-- DATASET RECORDS follows --
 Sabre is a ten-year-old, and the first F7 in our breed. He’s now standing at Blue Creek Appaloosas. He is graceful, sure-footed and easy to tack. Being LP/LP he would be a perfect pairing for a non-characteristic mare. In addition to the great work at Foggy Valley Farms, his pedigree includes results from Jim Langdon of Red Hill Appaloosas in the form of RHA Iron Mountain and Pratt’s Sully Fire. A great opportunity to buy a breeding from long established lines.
-- DATASET RECORDS concluded --
-- DATASET RECORDS follows --
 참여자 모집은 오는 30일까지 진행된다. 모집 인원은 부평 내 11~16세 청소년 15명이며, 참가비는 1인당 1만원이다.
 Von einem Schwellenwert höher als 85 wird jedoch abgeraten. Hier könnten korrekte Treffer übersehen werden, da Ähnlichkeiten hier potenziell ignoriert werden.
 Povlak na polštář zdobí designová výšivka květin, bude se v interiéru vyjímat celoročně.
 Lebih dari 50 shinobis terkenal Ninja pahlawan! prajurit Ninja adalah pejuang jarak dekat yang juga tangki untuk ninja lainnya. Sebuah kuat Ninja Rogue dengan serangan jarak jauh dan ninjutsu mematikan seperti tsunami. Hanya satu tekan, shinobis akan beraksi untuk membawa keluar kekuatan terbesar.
-- DATASET RECORDS concluded --
WHAT THE EXERCISE ASKS
Out of the data above, give again only the lines starting at the one holding "Von einem Schwellenwert" and ending at the one holding "Lebih dari 50", unchanged.

ANSWER BELOW
 Von einem Schwellenwert höher als 85 wird jedoch abgeraten. Hier könnten korrekte Treffer übersehen werden, da Ähnlichkeiten hier potenziell ignoriert werden.
 Povlak na polštář zdobí designová výšivka květin, bude se v interiéru vyjímat celoročně.
 Lebih dari 50 shinobis terkenal Ninja pahlawan! prajurit Ninja adalah pejuang jarak dekat yang juga tangki untuk ninja lainnya. Sebuah kuat Ninja Rogue dengan serangan jarak jauh dan ninjutsu mematikan seperti tsunami. Hanya satu tekan, shinobis akan beraksi untuk membawa keluar kekuatan terbesar.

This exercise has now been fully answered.